According to Chronicle, Abdullah was born in Yemen with a type of hypomyelination. That's a rare brain disease that can include symptoms like trouble breathing, muscle weakness, and difficulty walking, according to the National Organization of Rare Diseases. Hassan's father, Ali Hassan, is an American citizen and decided to bring him to California, where they settled for treatment about five months ago, the Chronicle reports.

"It's separating family–literally separating family from each other," Hassan told KPIX, the CBS affiliate in San Francisco. "Right now, there's no parent supposed to go through what I'm going through–nobody. I'm just doing my best, I do what I can."

In June, the Supreme Court upheld the third version of the Trump administration's travel ban. The 5-4 decision allowed the administration to restrict travel from Chad, Iran, Libya, North Korea, Somalia, Syria, Venezuela and Yemen.

The Council on American-Islamic Relations (CAIR) has created a petition in support of Abdullah's family, demanding that the State Department allow Swileh to be reunited with her son before he dies. The group told CBS News that it plans to file letters with the U.S. Embassy in Cairo and the State Department.

The State Department declined to comment on any specific case to the San Francisco Chronicle. Bustle has also reached out to the State Department for comment.

KPIX reported that Hassan brought Abdullah to California for treatment in October, which was the last time his mother saw him. "It's horrible right now to be honest. I'm going through it and my wife is going through it," Hassan said. "My son is in critical condition right now. He's really, really unhealthy."

Hassan told CBS News the past few months have been incredibly difficult on all members of his family. "She starts crying and crying every single day," Hassan said of his wife. "She wants to be next to her son. Right now, he can't breathe, and his eyes are literally shutting down for almost two weeks already, and all you can see is the life support giving him air, that's it."

Abdullah was born in the midst of a horrific civil war in Yemen. United Nations Secretary-General António Guterres said in April that "Yemen is the world’s worst humanitarian crisis." Last month, one aid organization said it was "a conservative estimate" that 85,000 children under the age of 5 had starved to death there due to famine.
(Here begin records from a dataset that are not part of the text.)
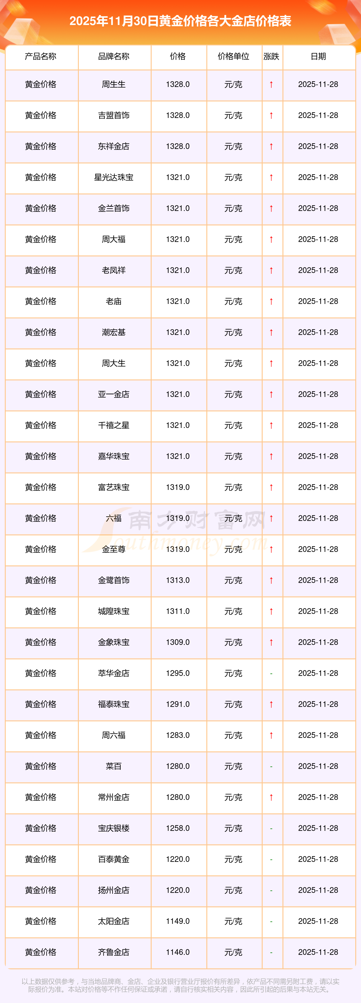 2025年11月30日各大金店黃金價格多少一克?各大金店黃金價格報價一覽表,一起來看看吧!
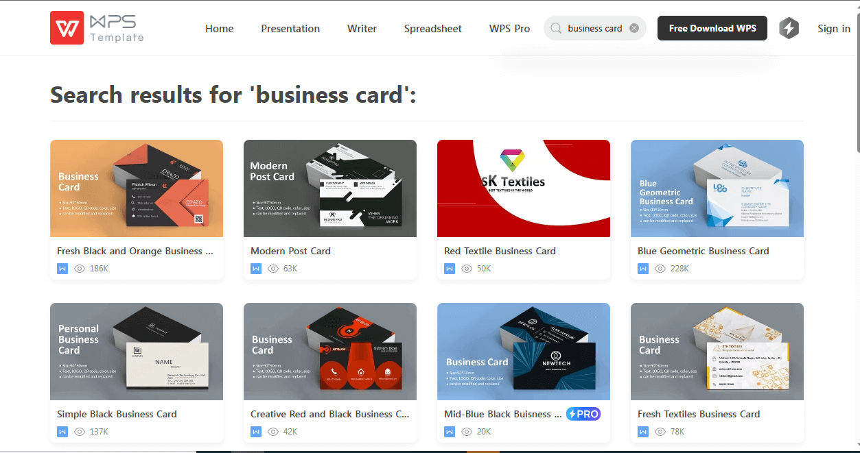 Attractive Design: WPS templates offer visually appealing designs for standout business cards.
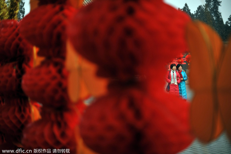 2014年1月23日,北京,农历马年到,第29届地坛春节文化庙会即将到来,北京地坛公园的大树上挂满大红灯笼,中国红扮靓中国年,北京城一片喜气洋洋氛围。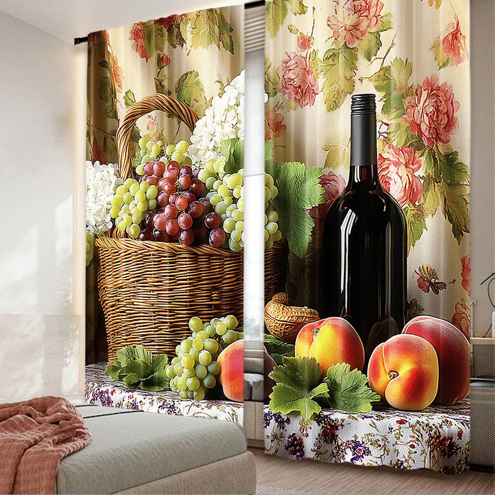 2Pcs Farmhouse Kitchen Curtains Vintage Grapes Fruits Oil Painting Rustic Flower Wine Art Printed Retro Country Living Room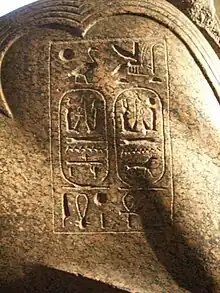 Ce sphinx royal (couché, portant la coiffe Némès, avec une fausse barbe droite) est sur un socle dont les inscriptions originales ont été partiellement effacées, et dont seules sont lisibles celles allusives au pharaons Amenemhat II (XIIe dynastie), Apophis Ier (XVe dynastie), Mérenptah (XIXe dynastie) et Sheshonq Ier (XXIIe dynastie) qui se sont succédé en réutilisant le sphinx.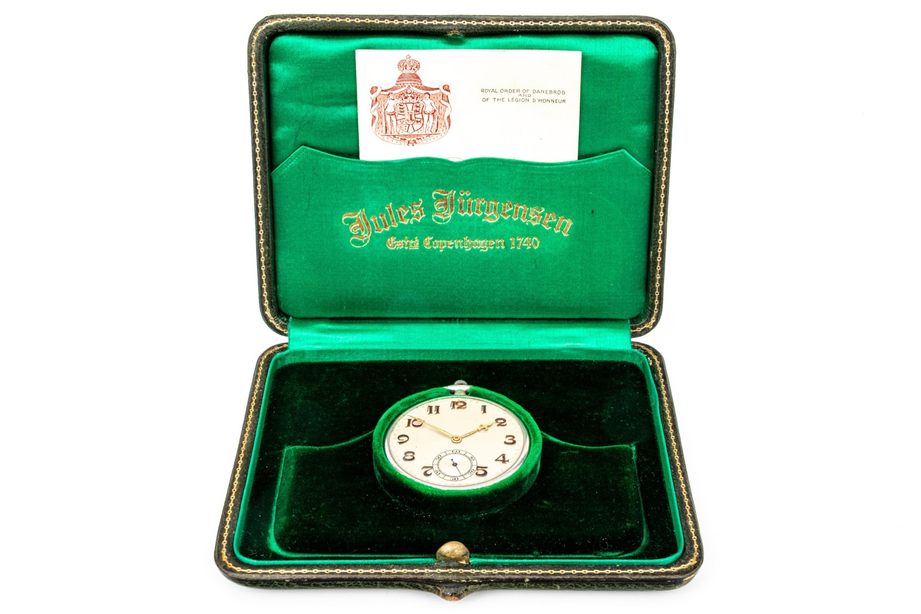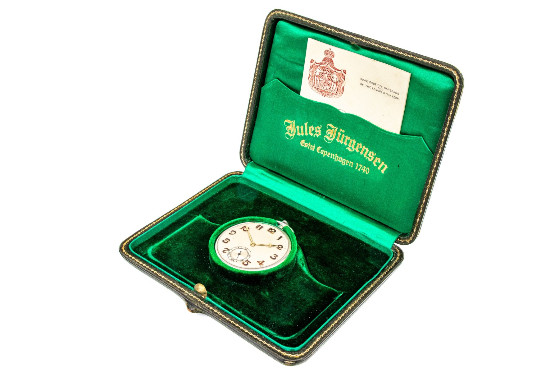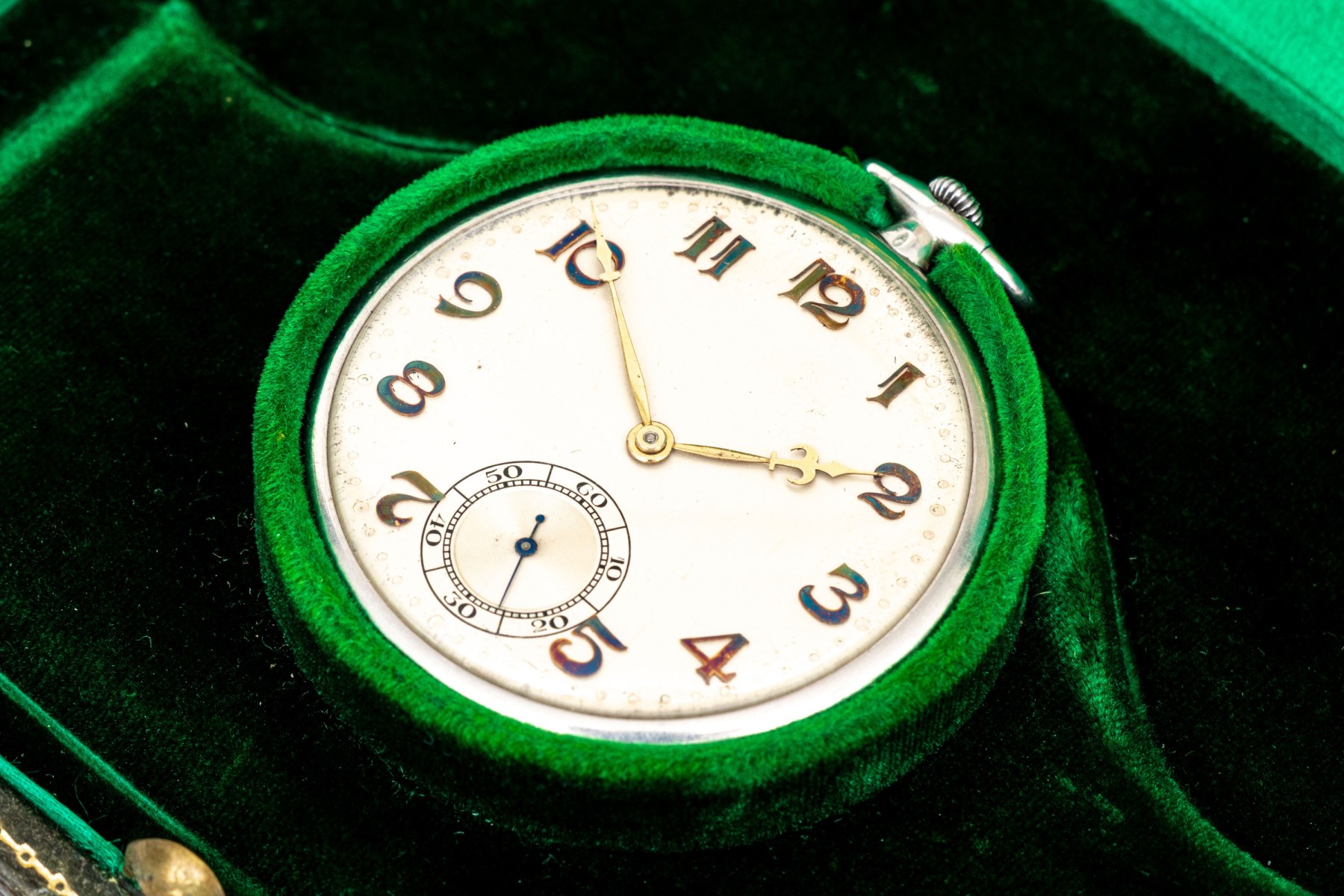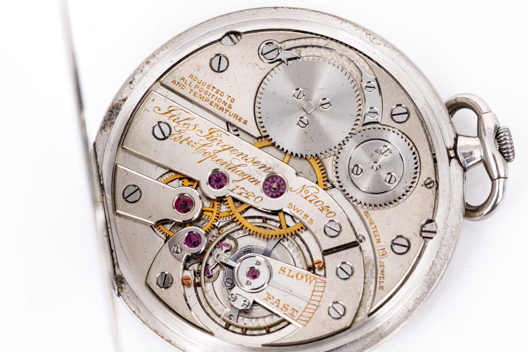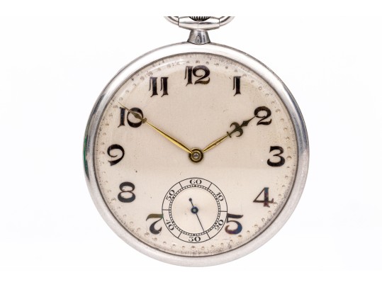 Jules Jurgensen magnificent antique platinum pocketwatch, original box and papers. This amazing pocket watch is an open style, with a silvered dial with arabic numerals, subdial at 6pm; monogrammed on the reverse, and made with a hand wound mechanical movement. This wonderful piece is accompanied by the original box and papers, made in 1925

It's in this context that Hassan and Swileh sought treatment in the United States for Abdullah. According to the Chronicle, around August 2017 Hassan and Swileh met in Cairo to get a U.S. passport for Abdullah and start the process of getting a visa for Swileh. They obtained the passport, but waited months for the visa. Eventually, the U.S. embassy sent a letter saying Swileh's application had been denied due to the travel ban, the newspaper reported.

"I wanted to bring them both together, but since I couldn't bring my wife — it’s hard for me to see my son suffering in Cairo," Hassan told the Chronicle. "So I had to do what I had to do."